Что же касается иерархии организмов, то нельзя ставить автору в упрек, что ее недостаточно для его замысла, выходящего далеко за пределы этого мира. Ведь пользование ею применительно к царству природы здесь, на Земле, также ни к чему не ведет. Когда подгоняют друг к другу виды по их сходству, то незначительность различий при столь большом многообразии есть необходимое следствие именно этого многообразия. Если бы один род возник из другого или все роды возникли из одного первоначального рода либо из одного материнского лона, то только родство между ними могло бы привести к идеям, которые, однако, столь чудовищны, что разум отшатывается от них, но такие идеи не следует приписывать нашему автору, если быть справедливым. Что касается вклада автора в сравнительную анатомию всех видов животных вплоть до растений, то пусть те, кто изучает природу, сами судят, насколько наставления, которые автор дает для новых наблюдений, могут помочь им и имеют ли они вообще какое-либо основание. Однако [идея о] единстве органической силы (с. 141), которая как самообразующаяся в отношении многообразия всех органических существ, а затем в зависимости от этих органов действующая через них различным образом составляет все разнообразие родов и видов этих существ, – это идея, находящаяся всецело за пределами ведущего наблюдения естествознания и принадлежащая к чисто спекулятивной философии, в которой эта идея, если бы она проникла в нее, произвела бы огромные опустошения среди привычных понятий. Но пытаться определить, какая организация головы внешне, по своей форме, и внутренне, в отношении содержащегося в ней мозга, необходимо связана с расположением к прямой походке, а тем более каким образом организация, направленная для достижения только этой цели, заключает в себе основание для обладания разумом, которым благодаря этому наделяется животное, – все это явно превосходит всякий человеческий разум независимо от того, движется ли он ощупью, держась за путеводную нить физиологии, или порхает, следуя путеводной нити метафизики.
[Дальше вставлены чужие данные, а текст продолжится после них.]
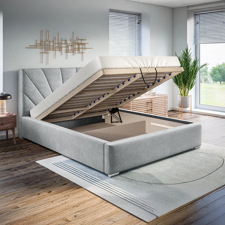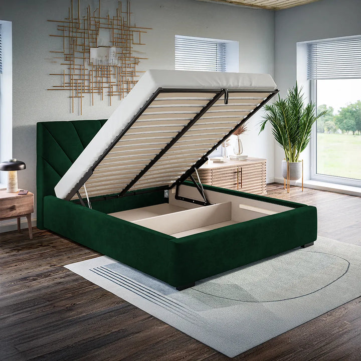 Patul are boxă de depozitare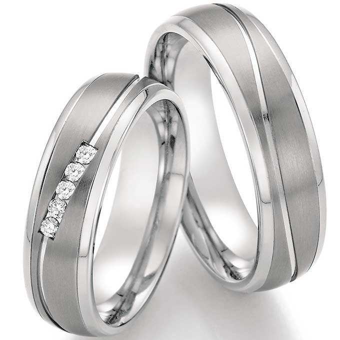 Mit der Avantgarde Kollektion aus dem Hause Brüder Nowotny wird der Trend, Trauringe aus Titan zu tragen, fortgesetzt, verbessert und neu interpretiert. Denn hier wird qualitativ und stylisch auf höchstem Niveau gearbeitet und brillant in Szene gesetzt und das in der von Titan gewohnten Robustheit und Langlebigkeit. Das macht auch diese Ringe mit fein geschwungener Wellennut und fünf funkelnden Brillanten zu Ihrem idealen Trauringpärchen.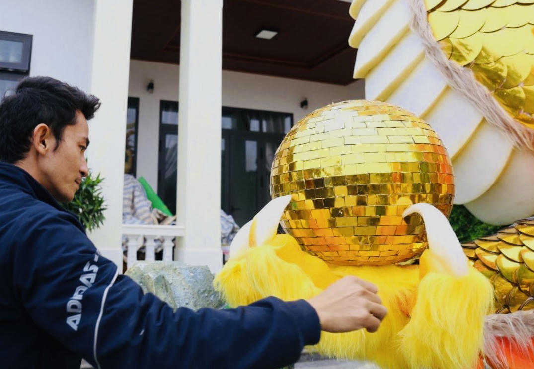 Linh vật rồng do anh Đinh Văn Tâm 33 tuổi, trú tại thôn An Trung Đồng, xã Triệu Độ, huyện Triệu Phong, tỉnh Quảng Trị) và các cộng sự làm trong thời gian khoảng 3 tháng.

Настоящие замечания не могут лишить это богатое мыслями сочинение его достоинств. Одно из больших его достоинств (если вспомнить здесь не всегда изящно высказанные, но благородные и верные мысли) – это мужество, с которым автор преодолевает свойственные его сословию сомнения, столь часто стесняющие всякую философию в отношении одних лишь попыток разума, в рамках, в которых разум сам может удовлетворить себя; и в этом мы желаем автору иметь много последователей. Помимо этого таинственный мрак, которым природа сама окутала свои действия по организации и классификации своих созданий, отчасти виноват в той туманности и неопределенности, что свойственны этой первой части философской истории человечества, задача которой состояла в том, чтобы по возможности связать друг с другом крайние точки этой истории – начальную точку с той, которая за пределами истории Земли теряется в бесконечности; такая попытка, правда, дерзновенна, но свойственна любознательности нашего разума и похвальна даже тогда, когда ее не удается осуществить полностью. Тем более желательно, чтобы наш глубокомысленный автор, продолжая свой труд и найдя под ногами твердую почву, несколько обуздал свой пылкий гений и чтобы философия, забота которой состоит больше в сокращении числа спесивых любимцев, чем в умножении их, могла направлять автора в дальнейших его трудах не указаниями, а определенными понятиями, не предполагаемыми, а установленными наблюдением законами, не воображением, окрыленным метафизикой или чувствами, а широким в замыслах, но осмотрительным в применении разумом.

II. Напоминания рецензента книги И. Г. Гердера «Идеи к философии истории человечества»


Errinerungen des Rezensenten der Herderschen Ideen zu einer Philosophic der Geschichte der Menschheit (Nr. 4 und Beil, der Allg. Lit.-Leit.) iiber ein im Februar des Teutschen Merkur gegen diese Rezension gerichtetes Schteiben.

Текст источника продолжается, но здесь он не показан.